Showing 6 changed files with 1,161 additions and 56 deletions.
diff --git a/README.md b/README.md
@@ -4,19 +4,21 @@ This repository is an inference repo similar to that of the ESRGAN inference rep
 
 ## Currently supported architectures
 
-- SOFVSR (@Victorca25's BasicSR Version)
+- SOFVSR ([victorca25's BasicSR](https://github.com/victorca25/BasicSR/tree/dev2) Version)
+  - Original SOFVSR SR net
+  - RRDB SR net
 
 ## Additional features
 
-- Automatic scale, number of frames, and number of channels detection
+- Automatic scale, number of frames, number of channels, and SR architecture detection
 - Automatic beginning and end frame padding so frames 1 and -1 get included in output
 - Direct video input and output through ffmpeg
 
 ## Using this repo
 
 Requirements: `numpy, opencv-python, pytorch`
 
-Optional requirements: `ffmpeg-python` (to use video input/output)
+Optional requirements: `ffmpeg-python` to use video input/output (requires ffmpeg to be installed)
 
 ### Upscaling exported frames
 
@@ -41,9 +43,9 @@ Optional requirements: `ffmpeg-python` (to use video input/output)
 
 ## Planned architecture support
 
+- RIFE
 - EDVR
 - RRN
-- RIFE
 
 ## Planned additional features
 

diff --git a/run.py b/run.py
@@ -71,7 +71,7 @@ def chop_forward(x, model, scale, shave=16, min_size=5000, nGPUs=1):
 
     # output = Variable(x.data.new(1, 1, h, w), volatile=True) #UserWarning: volatile was removed and now has no effect.

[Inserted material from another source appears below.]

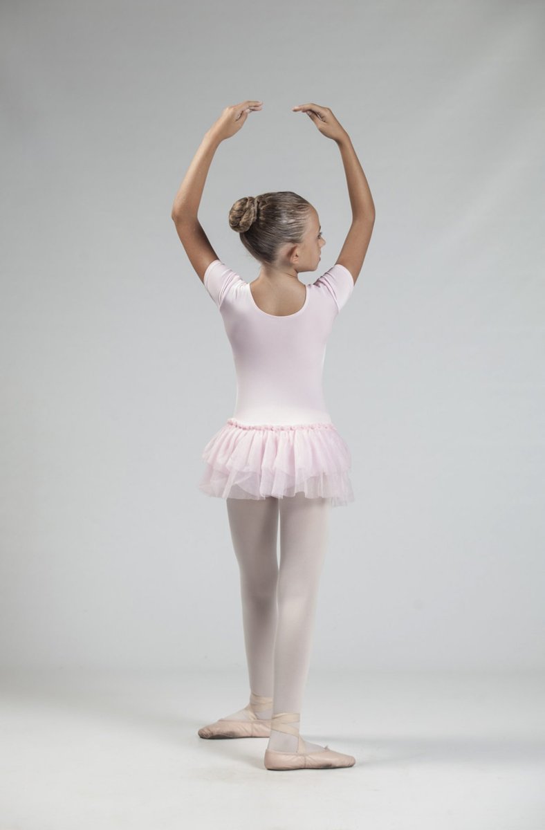 Body a maniche corte con gonnellino e due strati di tessuto scintilla arricciati e applicati al body.
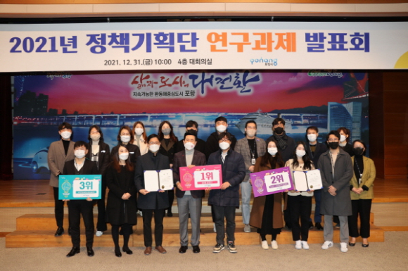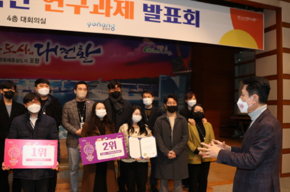 |  | | | ⓒ GBN 경북방송 | | 포항시는 지난 달 31일 시청에서 ‘2021년 정책기획단 연구과제 발표회’를 개최했다. 행사는 50명 이내로 참석인원을 제한하고 사회적 거리두기 지침을 준수해 진행됐다.

Use `with torch.no_grad():` instead.
     with torch.no_grad():
-        output = Variable(x.data.new(1, 1, h, w))
+        output = Variable(x.data.new(1, c, h, w))
     for idx, out in enumerate(outputlist):
         if len(out.shape) < 4:
             outputlist[idx] = out.unsqueeze(0)
@@ -85,30 +85,63 @@ def chop_forward(x, model, scale, shave=16, min_size=5000, nGPUs=1):
 def main():
     state_dict = torch.load(args.model)
 
-    # Automatic scale detection
+    # Extract num_channels
+    num_channels = state_dict['OFR.RNN1.0.weight'].shape[0]
+
+    # Automatic scale detection & arch detection
     keys = state_dict.keys()
-    if 'OFR.SR.3.weight' in keys:
-        scale = 1
-    elif 'SR.body.6.bias' in keys:
-        # 2 and 3 share the same architecture keys so here we check the shape
-        if state_dict['SR.body.3.weight'].shape[0] == 256:
-            scale = 2
-        elif state_dict['SR.body.3.weight'].shape[0] == 576:
-            scale = 3
-    elif 'SR.body.9.bias' in keys:
-        scale = 4
+    # ESRGAN RRDB SR net
+    if 'SR.model.1.sub.0.RDB1.conv1.0.weight' in keys:
+         # extract model information
+        scale2 = 0
+        max_part = 0
+        for part in list(state_dict):
+            if part.startswith('SR.'):
+                parts = part.split('.')[1:]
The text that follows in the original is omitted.